If the name of the column to be detected exists in the pre-stored sensitive data name set, determining the detection result of the column to be detected; and if the name of the column to be detected does not exist in the pre-stored sensitive data name set, sampling the column to be detected.
For example, the pre-stored set of sensitive data names may include: identification number, mobile phone number, bank password, etc. When the name of any column to be detected is the identification number, the meaning of the content of the data of the column to be detected is the identification number, and the column to be detected can be directly determined to belong to sensitive data without subsequent sampling and sensitive data detection.

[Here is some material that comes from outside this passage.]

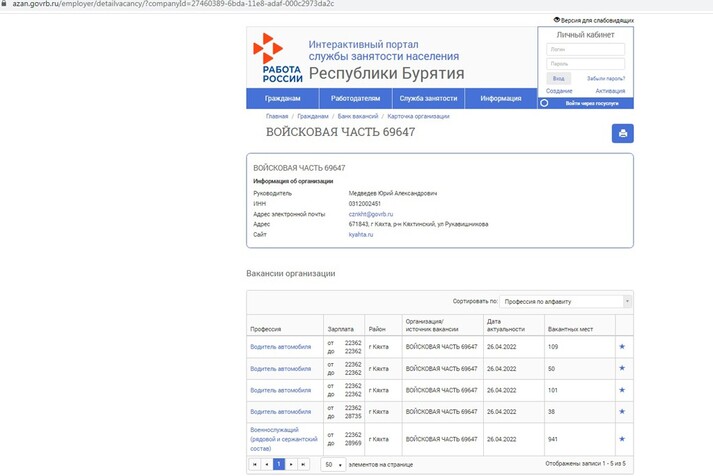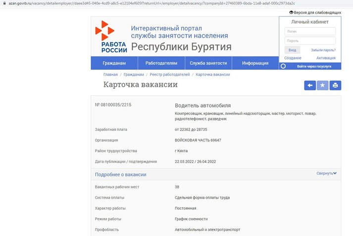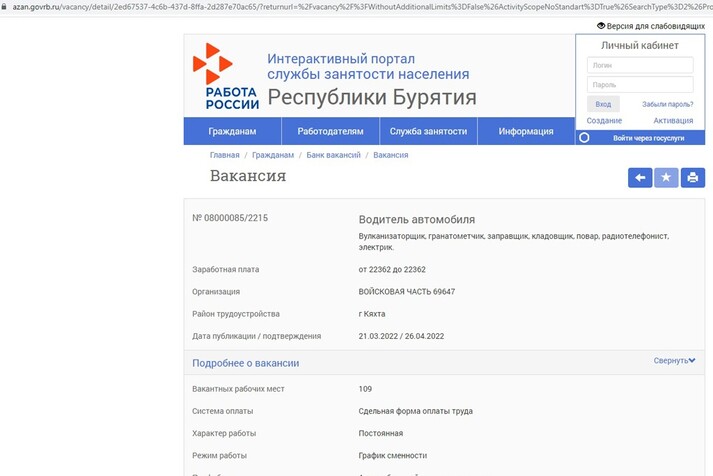 Військова частина №69647, дислокована у бурятському місті Кяхта, опублікувала оголошення про пошук рядових, сержантів та водіїв. Вакансії розміщено на офіційному сайті служби зайнятості республіки. Першим на повідомлення звернули увагу «Люди Байкалу», передає tayga.info.

The sampled data can be stored by using the column dimension, which is convenient for the subsequent processing of S103. Specifically, the data obtained by sampling a single column to be detected may be stored using a dynamic array, and the obtained array is processed in subsequent S103.
The specific sampling method is described after the explanation of each step.
In S102, in the case that the source data meets the detection execution condition, only the to-be-detected column corresponding to the met detection execution condition is sampled and the subsequent sensitive data detection is performed, and other columns not belonging to the to-be-detected column are not sampled or the subsequent sensitive data detection is not performed; meanwhile, the column to be detected belonging to the sensitive data can be determined in advance through the pre-stored sensitive data name set, and sampling and subsequent sensitive data detection are not required, so that the sensitive data detection efficiency can be further improved, and the detection result can be obtained more timely.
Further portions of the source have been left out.